Finding W and Theta in Simultaneous Equations

[camino]

Homework Statement

160 cos(theta) - W cos(69) = 0

160 sin(theta) - W cos(21) - W = 0

Can someone solve these equations for me to find W and theta?

 

[rock.freak667]

Homework Statement

160 cos(theta) - W cos(69) = 0

160cosθ=Wcos(69)

W=160cosθ/cos(69)


continue now

 

[camino]

W = W cos(69) / cos(69)?

 

[rock.freak667]

W = W cos(69) / cos(69)


?

no, put W=160cosθ/cos(69) into the second equation

 

[camino]

Sorry I am still not seeing it. Could you give me one more step?

 

[rock.freak667]

Sorry I am still not seeing it. Could you give me one more step?

In this equation

160 sinθ - W cos(21) - W = 0


everywhere you see 'W' put 160cosθ/cos(69) and try to simplify it.

 

[camino]

I do understand how to simplify one equation and substitute into the other, however I just can't seem to simplify these down. The theta with the sin and cos attached is what is really confusing me when trying to simplify. This is just a mess and I'm very confused.

 

[rock.freak667]

I do understand how to simplify one equation and substitute into the other, however I just can't seem to simplify these down. The theta with the sin and cos attached is what is really confusing me when trying to simplify. This is just a mess and I'm very confused.

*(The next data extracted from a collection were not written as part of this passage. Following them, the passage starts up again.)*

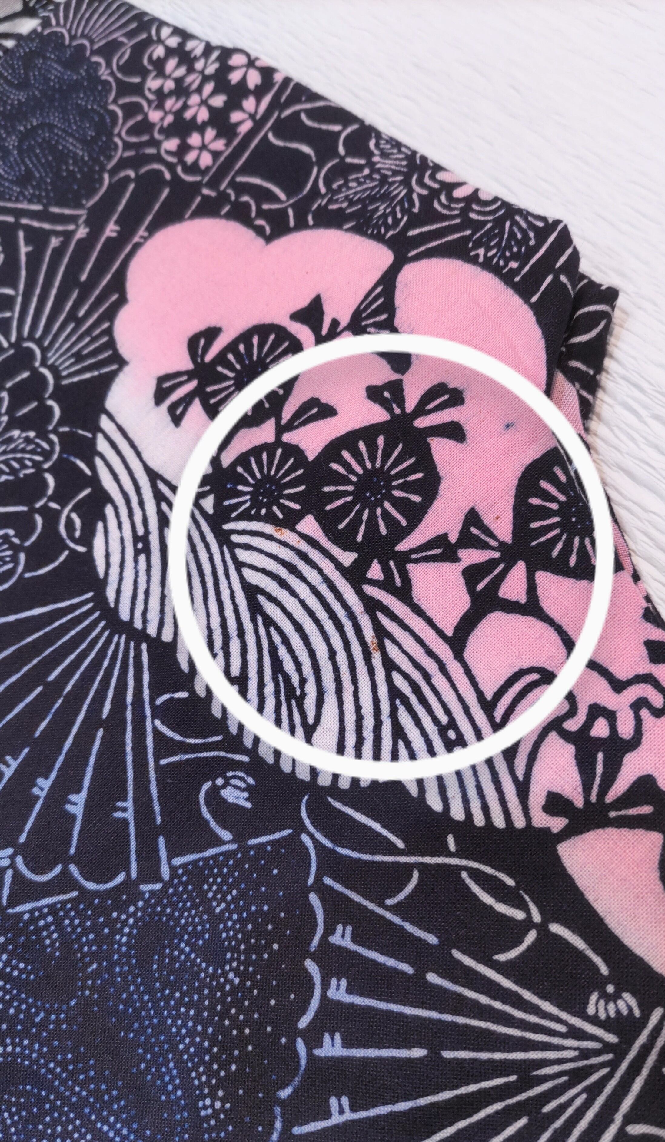 柄だけ見ると、かなり大人な雰囲気ですが、ぽわっと色づくようなぼかし染めでピンク色、黄色、薄緑色、青色が差し色になっていて、提灯のような幻想的な雰囲気と可愛さをプラスしてくれています。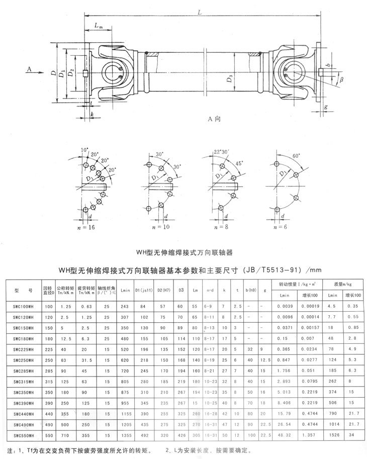 WH系列無(wú)伸縮短式萬(wàn)向聯(lián)軸器基本參數(shù)和主要尺寸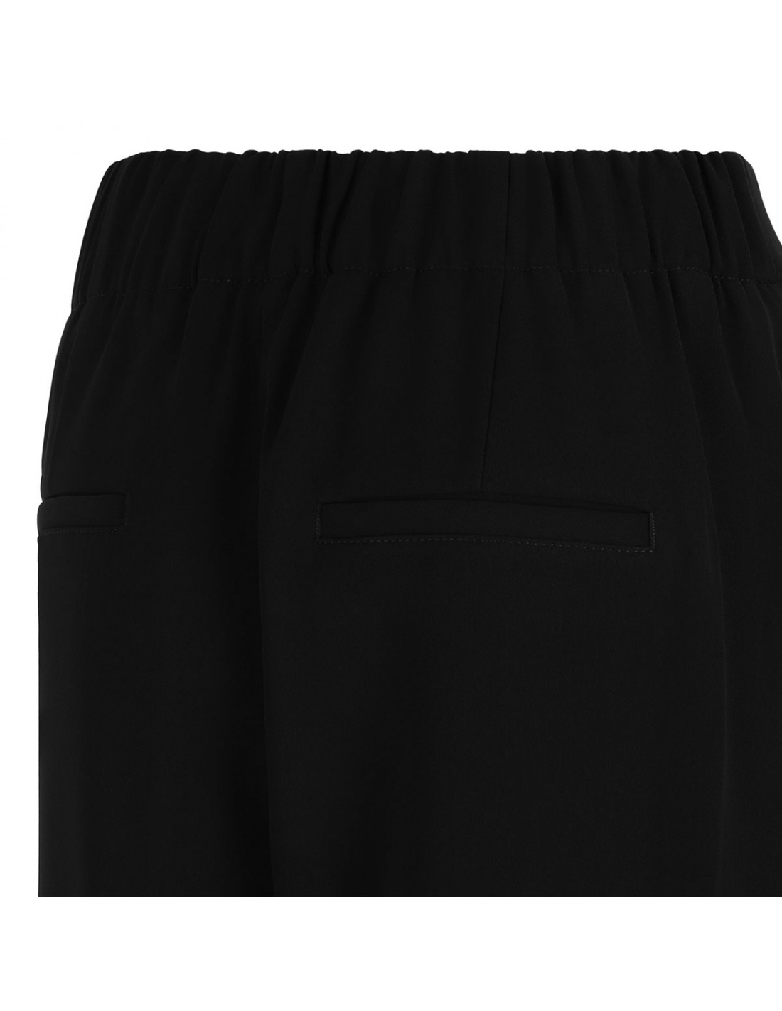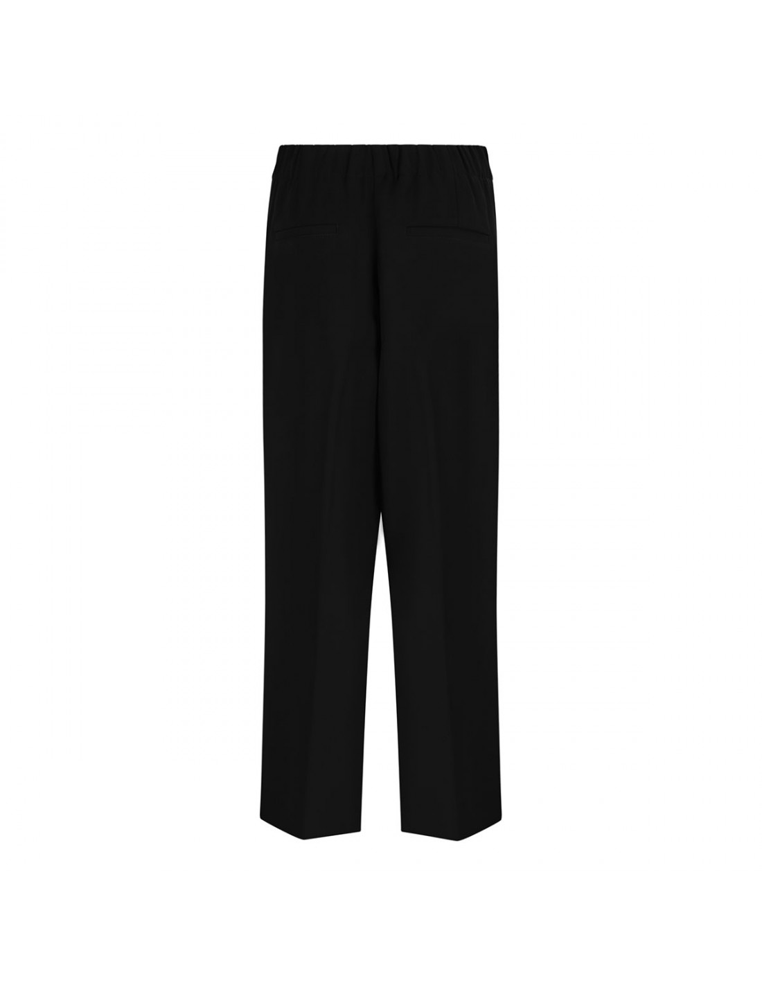 Black pants from Vince featuring pull-on silhouette, elastic waistband, straight leg, cropped length, side pockets, tapered below the knee, back pockets.

just show where you've reached and we'll see if we can simplify it further

 

[camino]

160 sinθ - (160cosθ/cos69) cos(21) - (160cosθ/cos69) = 0

 

[rock.freak667]

160 sinθ - (160cosθ/cos69) cos(21) - (160cosθ/cos69) = 0

so you get


160 sin \theta - (\frac{160cos21}{cos69} - \frac{160}{cos69})cos \theta = 0


this is like Asinθ-Bcosθ=0, how do you solve this equation?

 

[camino]

Is there a trig identity that replaces either sin or cos? I'm thinking we want to narrow this down to only having either sin or cos in the equation.

 

[rock.freak667]

Is there a trig identity that replaces either sin or cos? I'm thinking we want to narrow this down to only having either sin or cos in the equation.

well yes but we can put it like this


Asinθ=Bcosθ

or sinθ/cosθ=B/A

do we know another way to express sinθ/cosθ ?

 

[camino]

I am really not sure.

 

[rock.freak667]

I am really not sure.

do you not know that tanθ=sinθ/cosθ ?

 

[camino]

Oh my it has been a long day.. Yes i see that now. So simplifying I would then do:

160 sinθ - (-29.6542) cosθ = 0

160 sinθ = 29.6542 cosθ

θ = tan^-1(160/29.6542)

θ = 79.5° ?

 

[rock.freak667]

Oh my it has been a long day.. Yes i see that now. So simplifying I would then do:

160 sinθ - (-29.6542) cosθ = 0

160 sinθ = 29.6542 cosθ

θ = tan^-1(160/29.6542)

θ = 79.5° ?

yes that should be correct. You are able to find W knowing θ=79.5° right?

 

[camino]

Yes:

160cos(79.5) - W cos(69) = 0

29.1577 = W cos(69)

W = 81.36

 

[camino]

Thank you so much for all your help!